***** Records shown

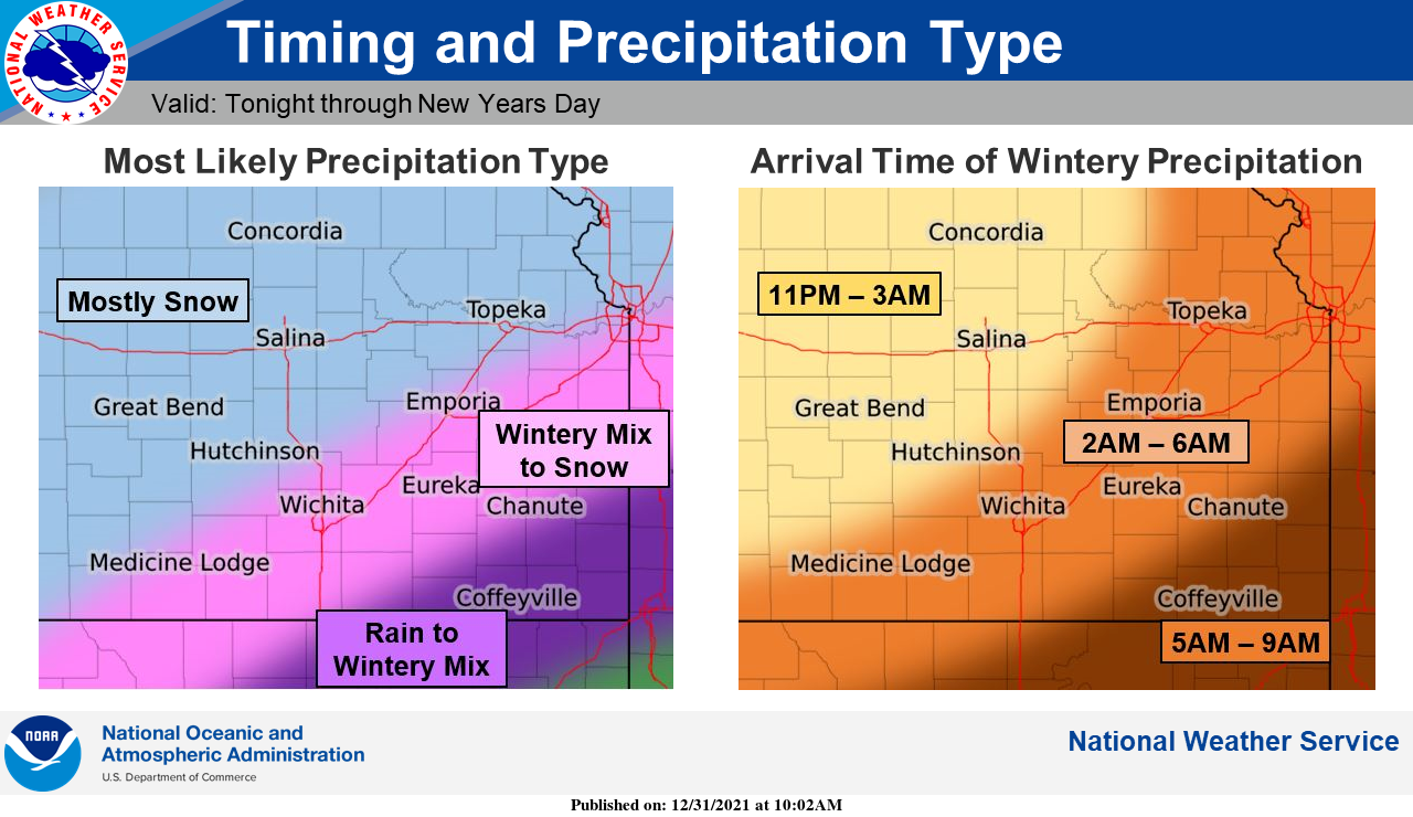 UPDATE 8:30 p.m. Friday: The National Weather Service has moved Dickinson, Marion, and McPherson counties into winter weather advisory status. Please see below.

**********
***** Records shown

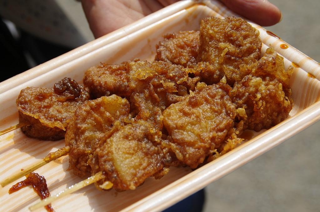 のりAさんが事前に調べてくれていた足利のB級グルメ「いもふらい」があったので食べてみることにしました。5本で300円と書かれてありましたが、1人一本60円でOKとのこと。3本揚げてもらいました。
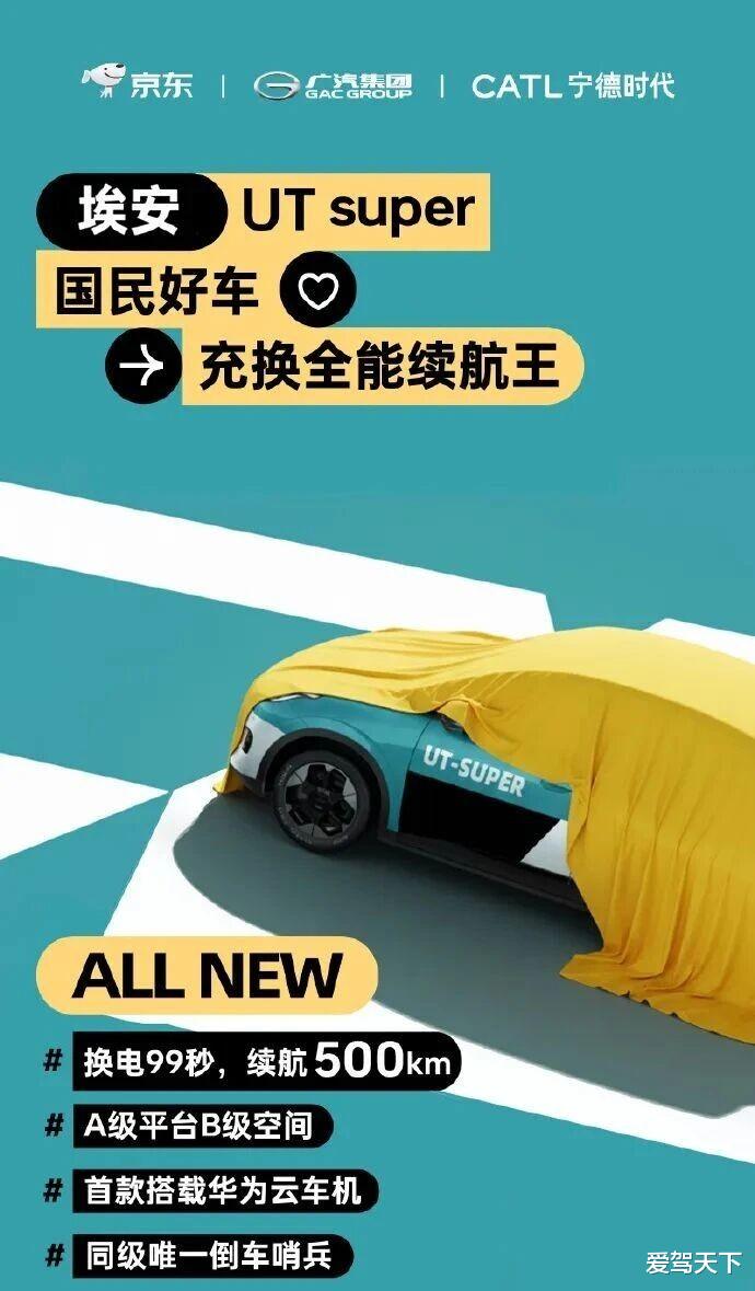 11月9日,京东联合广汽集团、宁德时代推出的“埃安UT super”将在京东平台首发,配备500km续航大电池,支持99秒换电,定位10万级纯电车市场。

**********

- **Exercise description**: Go back to the listing above and reproduce, exactly, the stretch from the line bearing "のりAさんが事前に調べてくれ" through the line bearing "11月9日,京东联合广汽集团", without its pictures.

- **Response to the exercise**:
 のりAさんが事前に調べてくれていた足利のB級グルメ「いもふらい」があったので食べてみることにしました。5本で300円と書かれてありましたが、1人一本60円でOKとのこと。3本揚げてもらいました。
 11月9日,京东联合广汽集团、宁德时代推出的“埃安UT super”将在京东平台首发,配备500km续航大电池,支持99秒换电,定位10万级纯电车市场。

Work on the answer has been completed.